_Assignment:_
Word for word, print out all of the data, omitting every image.

_Dataset extract:_
++++
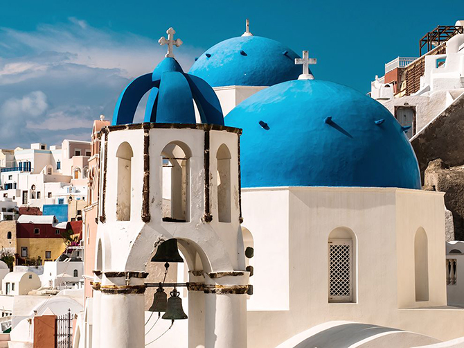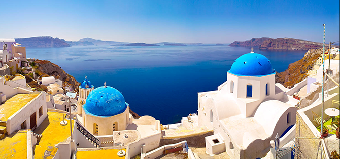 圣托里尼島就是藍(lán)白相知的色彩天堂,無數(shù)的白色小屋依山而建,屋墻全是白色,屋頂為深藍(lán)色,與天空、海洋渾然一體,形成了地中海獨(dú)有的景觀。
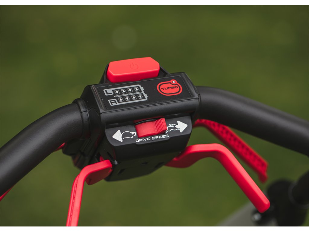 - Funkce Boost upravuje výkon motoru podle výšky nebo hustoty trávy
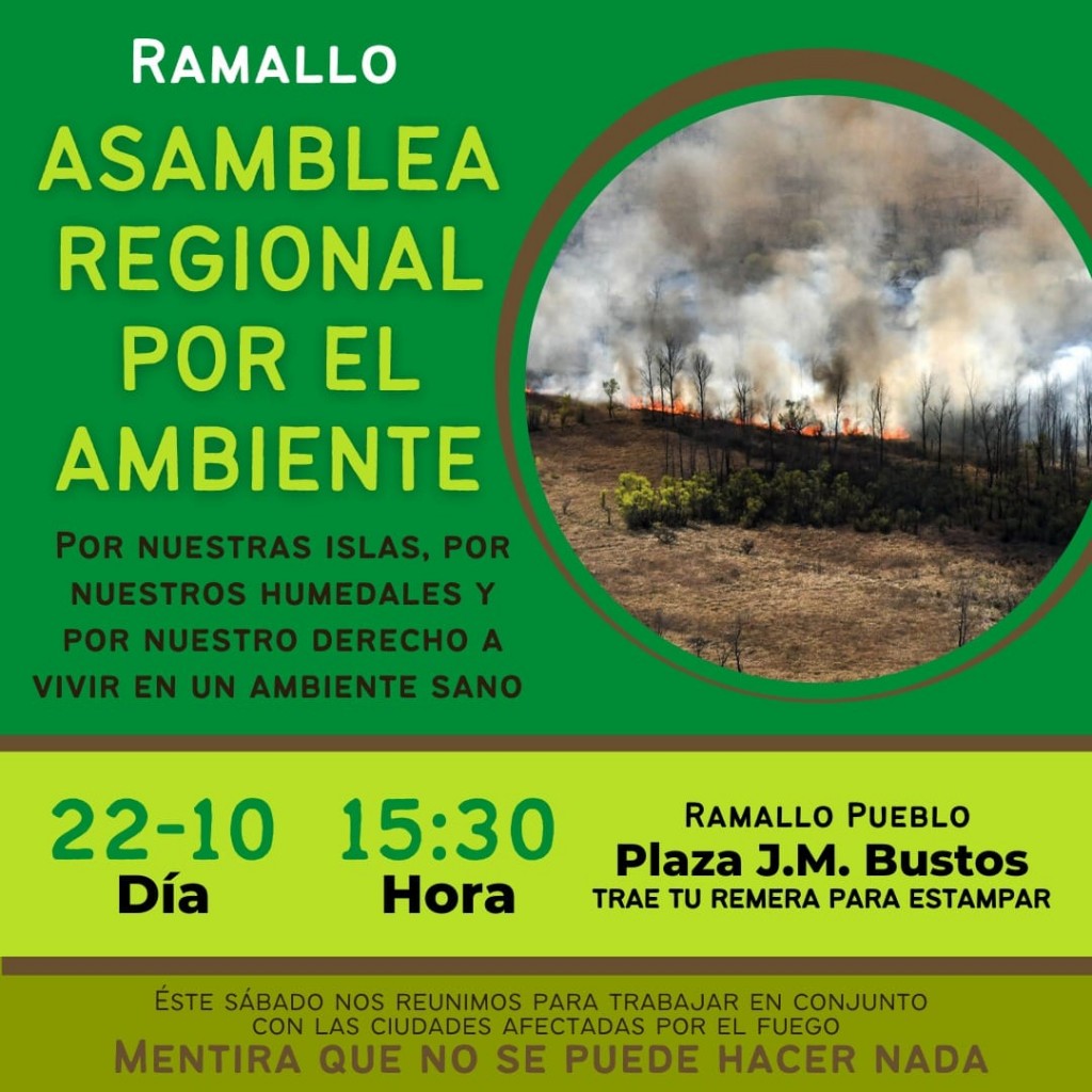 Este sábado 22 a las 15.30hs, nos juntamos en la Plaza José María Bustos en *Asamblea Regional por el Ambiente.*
++++
_Exercise output:_
 圣托里尼島就是藍(lán)白相知的色彩天堂,無數(shù)的白色小屋依山而建,屋墻全是白色,屋頂為深藍(lán)色,與天空、海洋渾然一體,形成了地中海獨(dú)有的景觀。
 - Funkce Boost upravuje výkon motoru podle výšky nebo hustoty trávy
 Este sábado 22 a las 15.30hs, nos juntamos en la Plaza José María Bustos en *Asamblea Regional por el Ambiente.*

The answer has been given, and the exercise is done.